[Work request]
At the line containing "Klassisk pen smoking", begin an exact copy of the lines below and continue through the final one, with no pictures.
--- Data for analysis Enclosed Below ---
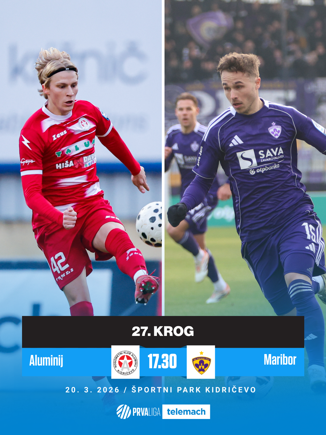 Zadnji krog tretje četrtine Prve lige Telemach bosta s štajerskim obračunom odprla Aluminij in Maribor. Kdo bo dobil dvoboj v Kidričevem? Gostitelji sosedskega spopada bodo v petkovem večeru lovili prve točke po dveh porazih, po Koprčanih so zasedbo trenerja Jure Arsića premagali še Ajdovci. "Šumari" v prestolnici burje niso uspeli zaustaviti Žana Beširja, ki je Kidričanom z dvema zadetkoma zadal 12. poraz sezone. Pri Aluminiju lahko kljub porazu ostajajo mirni, saj Primorju in Muri še vedno bežijo za deset točk, vseeno pa bodo za mirnejši zaključek sezone potrebovali še kakšno točko. Tri so to sezono že osvojili v dvoboju z Mariborom, ki so ga v Ljudskem vrtu premagali s preobratom in po prvotnem zaostanku dveh zadetkov. Se lahko Kidričani podpišejo pod nov podoben podvig?
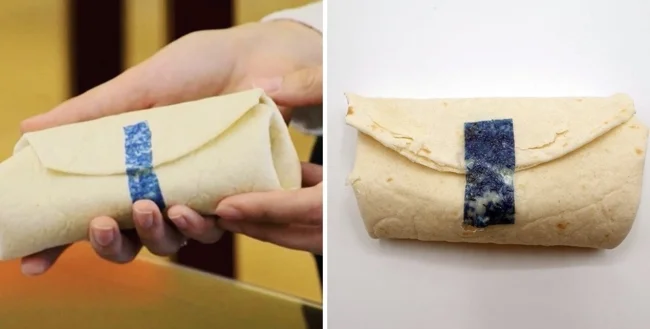 Напевно, вам неодноразово доводилося бувати в ситуації, коли дуже хотілося їсти, але апетит псувався, коли бургер буквально розвалювався в руках. Винахідники потурбувалися про це і вигадали клейку їстівну стрічку Tastee Tape. Вона легко справляється з описаною проблемою, дозволяючи скріпити горезвісний бургер і з'їсти його акуратно, із задоволенням. Стрічка виготовлена з харчового волокна та органічного клею.
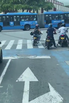 Buscan a esta pareja de motoladrones, que al no poder cometer un robo a un conductor, le dispara en varias oportunidades, hiriendo a una persona que viajaba como pasajero en un bus del MIO.
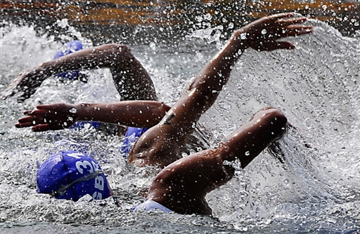 8月18日,北京奧運(yùn)會鐵人三項賽,運(yùn)動員在進(jìn)行游泳項目的比賽時,場面頗似舞蹈“千手觀音”。
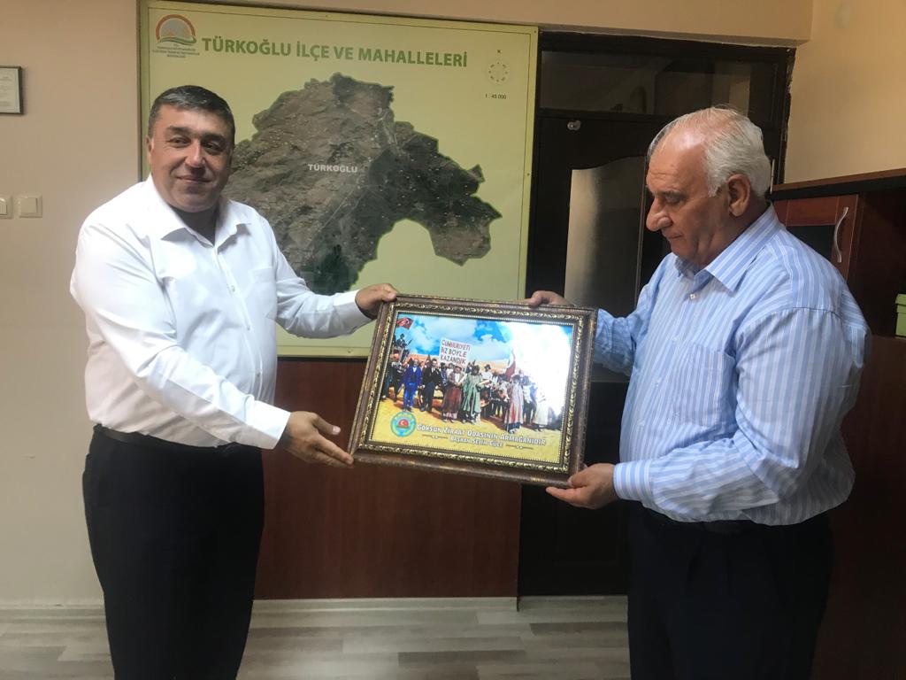 Göksun Ziraat Odası Başkanı Selim CÜCE, Türkoğlu Ziraat Odası Başkanı Mehmet KARACA, ile birlikte Türkoğlu İlçe Tarım ve Orman Müdürü Hikmet KAÇAR’rı ziyarete bulundular anlamlı bir tablo hediye ederek yeni görevinde başarılar diledi.
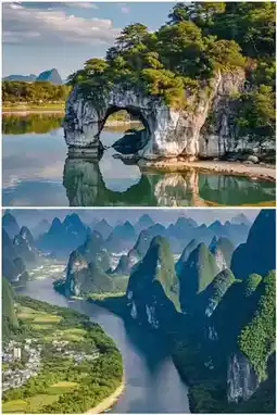Yulong River: The longest tributary of the Lijiang River in Yangshuo. The water is clear, and the current is gentle. Bamboo rafting is a popular activity. Along the way, you can see the beautiful scenery of Guilin's mountains, rivers, and countryside. There are many ancient bridges on the river, each with a unique design and legendary story.
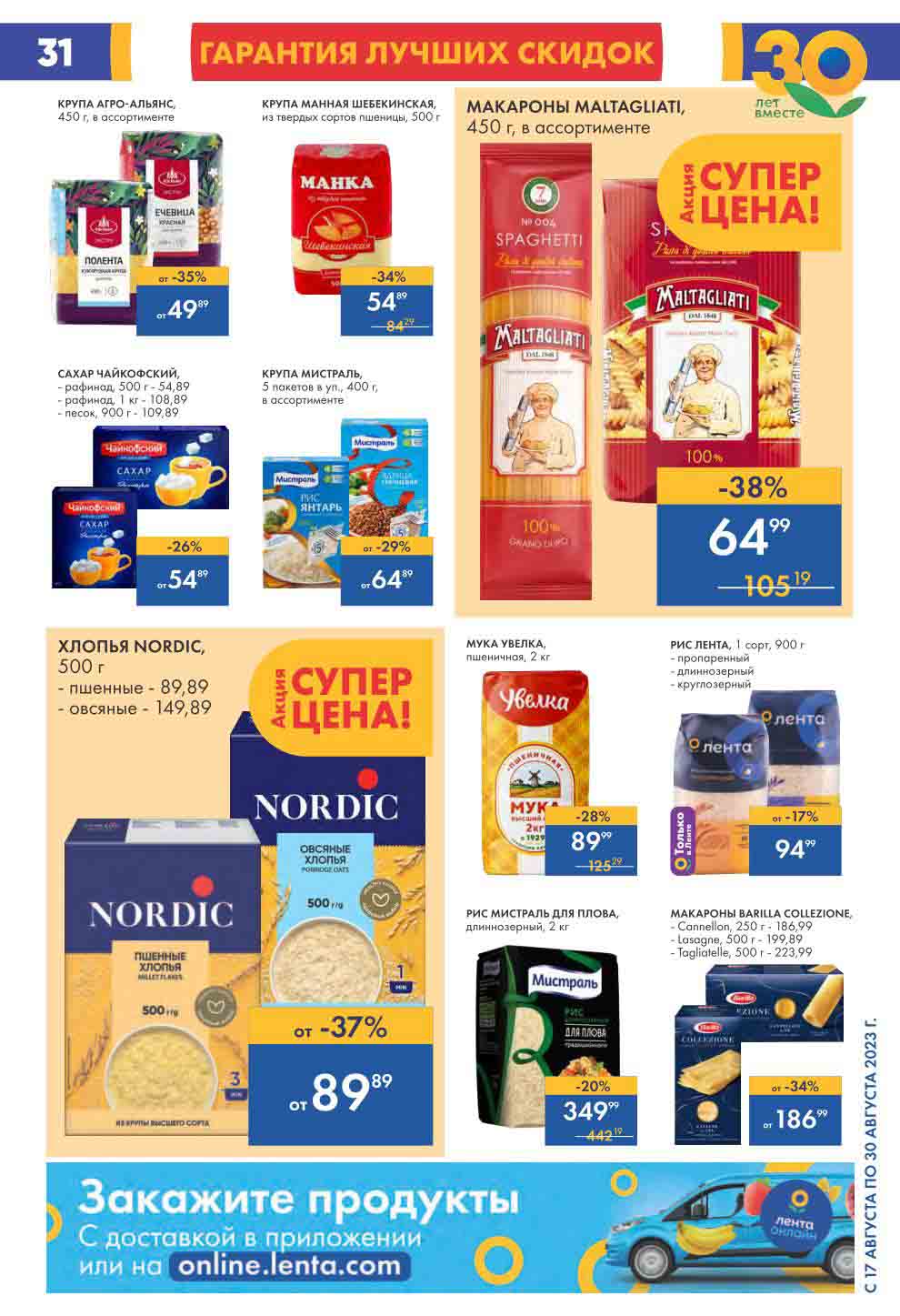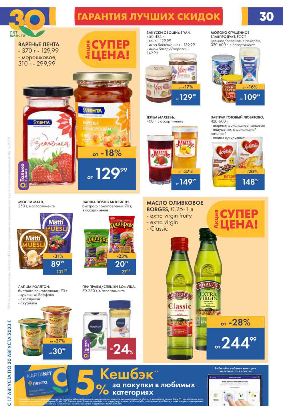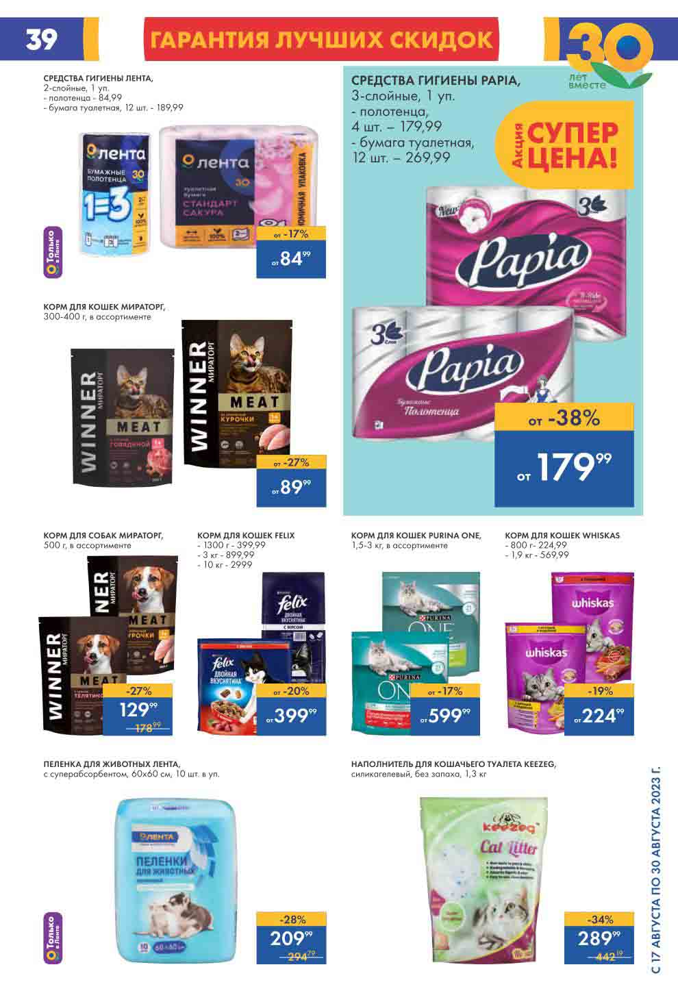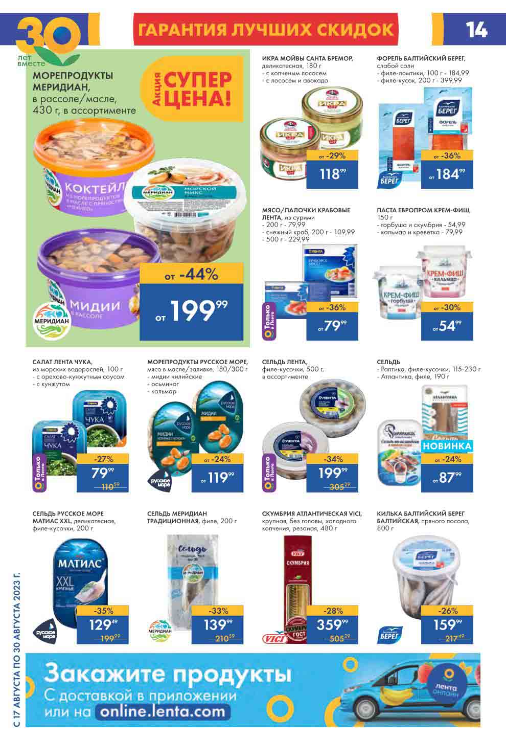 Лента акции с 17 августа — 30 августа 2023. Еженедельный каталог гипермаркета
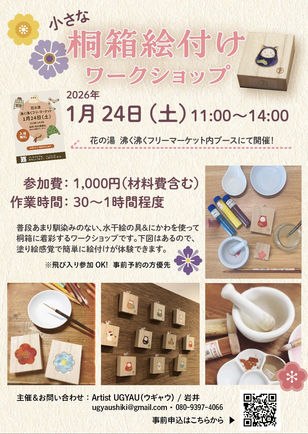 ※このイベントは同日開催する花の湯沸く沸くフリーマーケット内のブースで開催します。
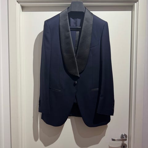 Klassisk pen smoking fra Morris Heritage. Den er vevet i 100% ull og jakken kommer med peak lapel slag. Egner seg i alle anledninger der smoking kreves. Jakken har svarte silkebelagte knapper samt svarte silkeslag og kommer med dobbel splitt bak i rygg. Mike trousers følger med. Jakken er i
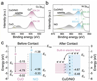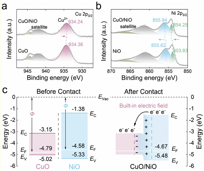 | Fig. 2. (a) Cu 2p3/2 XPS spectra of CuO and CuO/NiO. (b) Ni 2p3/2 XPS spectra of NiO and CuO/NiO. (c) Band structures of CuO and NiO before contact (left) and energy band diagram of CuO/NiO (right). | |
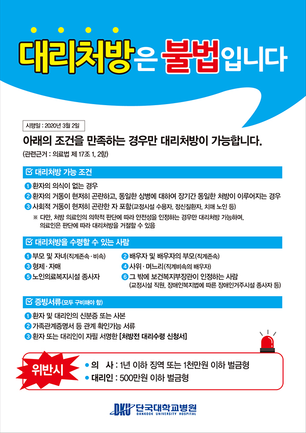 아래의 조건을 제외하고 대리처방은 불법입니다 페이지 정보 작성자 |관리자 작성일 |2021-04-06 17:22 조 회 |11,049회 댓 글 |0건 관련링크 이전글 다음글 목록 본문 이전글 다음글 목록
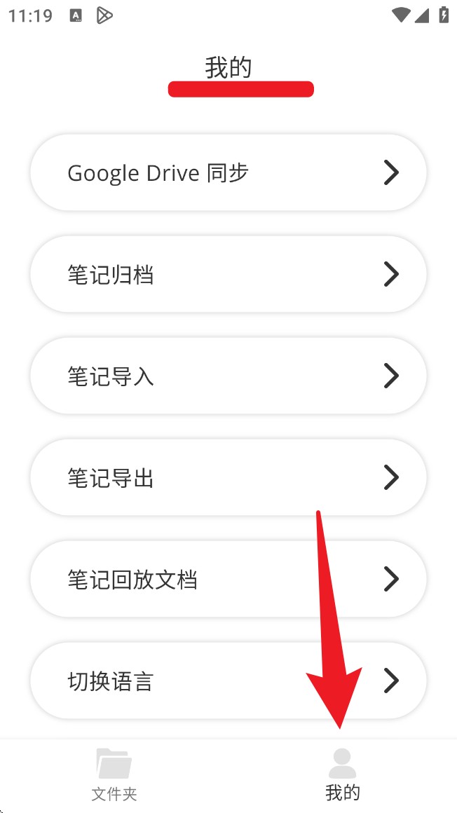 4. 点击底部“我的”页面,可进入设置界面操作笔记导入、导出或开启 Google Drive 同步等扩展功能。
--- End of Enclosed Data for analysis ---
[Answer to this problem]
 Klassisk pen smoking fra Morris Heritage. Den er vevet i 100% ull og jakken kommer med peak lapel slag. Egner seg i alle anledninger der smoking kreves. Jakken har svarte silkebelagte knapper samt svarte silkeslag og kommer med dobbel splitt bak i rygg. Mike trousers følger med. Jakken er i
 | Fig. 2. (a) Cu 2p3/2 XPS spectra of CuO and CuO/NiO. (b) Ni 2p3/2 XPS spectra of NiO and CuO/NiO. (c) Band structures of CuO and NiO before contact (left) and energy band diagram of CuO/NiO (right). | |
 아래의 조건을 제외하고 대리처방은 불법입니다 페이지 정보 작성자 |관리자 작성일 |2021-04-06 17:22 조 회 |11,049회 댓 글 |0건 관련링크 이전글 다음글 목록 본문 이전글 다음글 목록
 4. 点击底部“我的”页面,可进入设置界面操作笔记导入、导出或开启 Google Drive 同步等扩展功能。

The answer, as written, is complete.